The architectures of the MLP neural networks and SVM models are simple and they are appropriate for hardware design. With the expansion of the database, the features extracted from new cases can easily be trained and used as references. When the performance of the classifier is not good enough for some ultrasonic images, the off-line learning algorithm can be reused to obtain a new set of weighting factors by adjusting the free parameters or by adding some distinct training samples to the training set. Notably, the classification modules are able to redress weighting factors without modifying the other functions. Compared with other classification models (e.g. LDA, LR, and decision tree models) the flexibility and the capability of solving problems are certainly advantages.
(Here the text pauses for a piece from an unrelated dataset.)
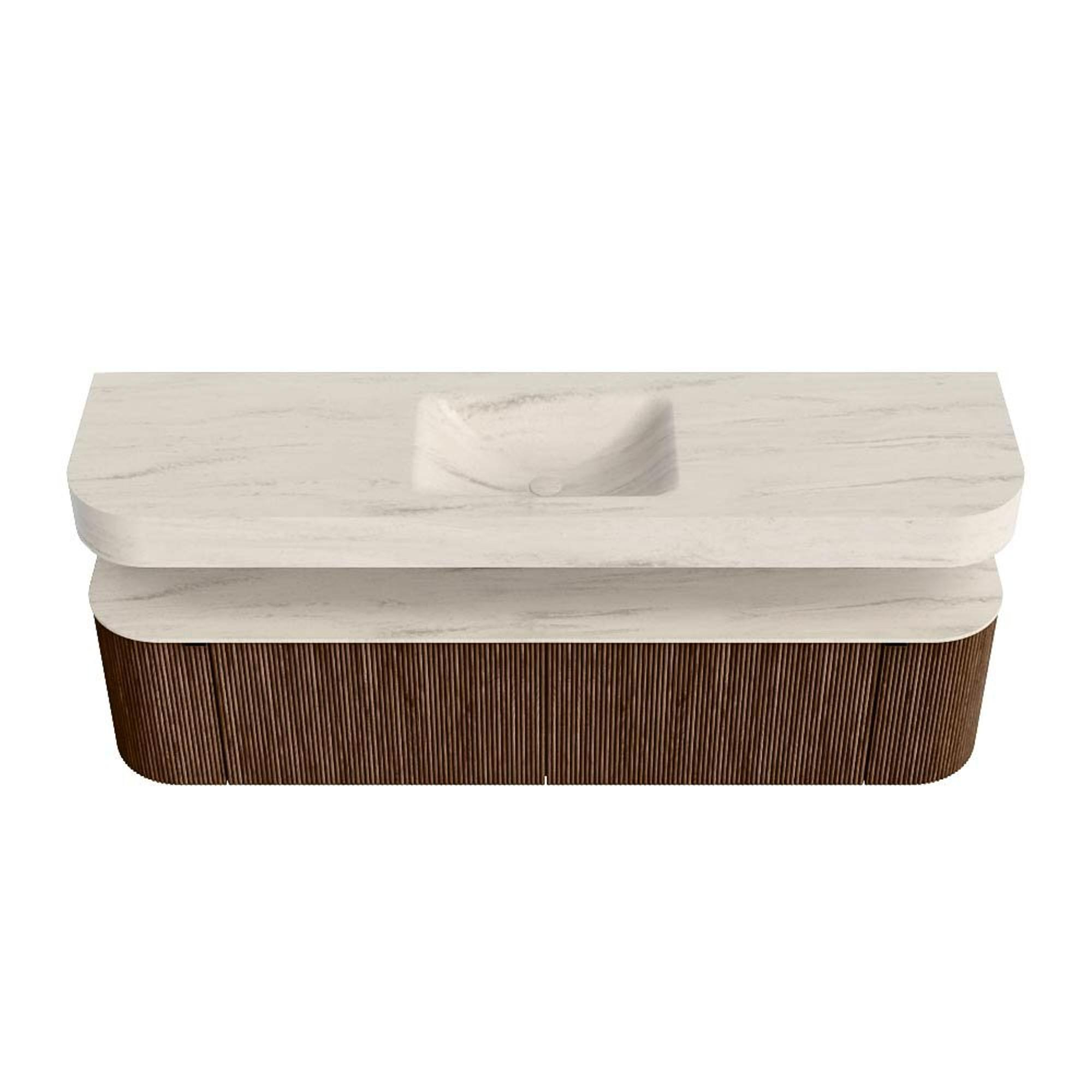 MONDIAZ THOR-DLUX 180cm badmeubel ronding links + rechts kleur Walnut met 2 lades en 2 deuren. Vrijhangende wastafel CLOUD Midden zonder kraangat kleur Meli.

Ultrasound has become one of the major imaging modalities for the diagnosis of many different types of lesions. Excluding breast CAD, the MLP and SVM have been utilized in various ultrasound

CAD systems including the diagnosis of the kidney, prostate, and liver diseases amongst others and achieved good results recently. Several ultrasound CAD systems using MLP neural networks have been proposed in the detection and staging of prostate carcinoma [35], in identification of kidney categories [36,37], in identification of carotid atherosclerosis [38], in differentiation of malignant from benign thyroid nodules [39], and for classifying focal liver lesions [40]. Similarly, the SVM-based CAD systems were applied in the analysis of carotid plaque morphology for the assessment of a stroke [41], in the selection and pattern classification of cervical lymph nodes [42,43], in identification of fatty liver [44], and in assessing the predictability of urodynamic stress incontinence [45].

Improved ultrasound imaging techniques permit the management of detection of many human diseases to become less invasive. Moreover, CAD systems have the potential to assist radiologists in their interpretations and improve diagnostic accuracy by providing a "second opinion" in the management diagnostic decisions. It is also believed that several developed CAD systems with machine learning classifiers may assist the physician to predict the future possibility of a normal subject becoming abnormal based on extracted features. Such CAD systems help the physician to study extensively the tissue property on sonograms more reliably. In the future, ultrasound CAD is expected to be a useful tool for diagnostic examinations in daily clinical practice.